Monday, August 11, 2008

Do I want a "real job"?

"Real jobs," as Martin has described them are a source of peculiar and confused emotions for me. Although I am actively pursuing one, I am deep into questioning why I am doing so and for what end I am pursuing this avenue.

Most "real jobs" today do not entail what I like to do. That is, sitting inside on a beautiful day, staring at LCD screens, talking to people on the phone, filling out forms, having meetings. In fact, those are perhaps my least favorite activities on the face of the earth. I would much rather be outside, doing something active, or contributing something worthwhile to human existence. However, those jobs usually either don't pay you enough to live on, are few and far between, require lots of qualifications, or don't exist. So if I want to have my root canals at least marginably affordable and to hope to have a chance of maybe owning a small house one day, I have to seek a "real job."

But why? I have no desire to pursue a conventional career. That means investing in something I don't value and don't like, sort of like Social Security. Which means I'm condemned to either working a non-career job or being perpetually stuck at the bottom of the corporate ladder.

The fact that motivated, ambitious, intelligent people in this world have almost no choice but to participate in this system of alienated existence is insane. In order to simply live, one must further the very thing which makes them dislike life. They cannot live simply and pursue honest, though less glorious, jobs for that is not what our civilization values. Progress, growth, wealth creation, consumption -- this is life as we define it now. We worship those idols so fervently that we are blind to the fact that there, for centuries, was another path.
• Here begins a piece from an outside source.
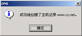 右擊【cz.net 】,單擊【新建主機(jī)】,輸入名稱【W(wǎng)WW 】,IP 地址【192.168.0.2】,即成功地創(chuàng)建了主機(jī)www.cz.net 。

I would prefer that we were a world of farmers and ranchers, artists and craftsmen, where life was slower and more valued, where life was measured in seasons and eras, not in quarterly profit projections. Where life was a spiritual and philosophical journey, not a struggle to ensure the triumph of consumption. That is how much of humanity has existed across its history. Of course, there is no going back now, not without changes that no modern person would ever tolerate, and certainly not with the chronological snobbery we wallow in.

Plenty of you corporate types will laugh and berate me for my "old-fashioned" or "obsolete" yearnings. He doesn't understand how great affluence, technology, and leisure has made human life! they'll say. What a rube, wishing for days he'll never see! That's fine, perhaps you are happy and proud of what you've done. But no man can count himself truly humble unless he can look at what he has created and somewhere in his mind wonder if there is not a terrible, unseen cost, questioning whether what was old has truly been replaced by something better. I contend that is has not.